[Analytics] How China’s reliance on US-origin platforms for deep learning challenged country’s AI

Dependence on US frameworks for deep learning seen as significant gap in China’s AI ecosystem, potentially hampering efforts to close the AI tech gap with the US by 2030. Minghe Hu, Zen Soo specially for the South China Morning Post.

When engineer Kuang Kaiming was assigned to a team developing artificial intelligence (AI) technology for a Shanghai start-up, the company went with two leading open-source software libraries, Google’s TensorFlow and Facebook’s Pytorch. The decision to adopt US core technology over Chinese alternatives was telling of China’s weakness in basic AI infrastructure, despite the country’s success in producing AI companies that are commercially successful.

Kuang’s company, whose AI product detects abnormalities in X-rays, is by no means alone.
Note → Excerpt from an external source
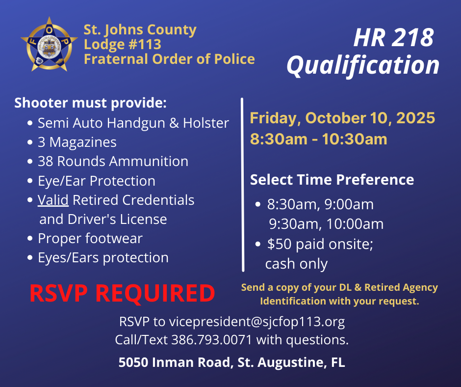 Shooters must provide semi-automatic firearm and holster that securely fastens to a belt, eye/ear protection, 38 rounds of ammunition; proper footwear. Eyes/Ears protection required. No revolvers. Cost $50 CASH ONLY to instructor; paid on site; no refunds. Valid DL and retired LEO ID required.

Nearly all small- to mid-sized Chinese AI companies rely on the US-originated open-source platforms, which also include MXNet and Caffe, because building an in-house framework from scratch requires a large investment of time and dedicated resources, as well as top-tier talent, to ensure the framework runs smoothly and covers a variety of use-cases.

Established open-source platforms like TensorFlow and Pytorch offer a host of tools and libraries designed for machine learning and deep learning, techniques that teach computers to learn by example.
Essentially, they democratise deep learning, allowing almost anyone to feed data into these models and start training their own AI systems without having to create their own from scratch.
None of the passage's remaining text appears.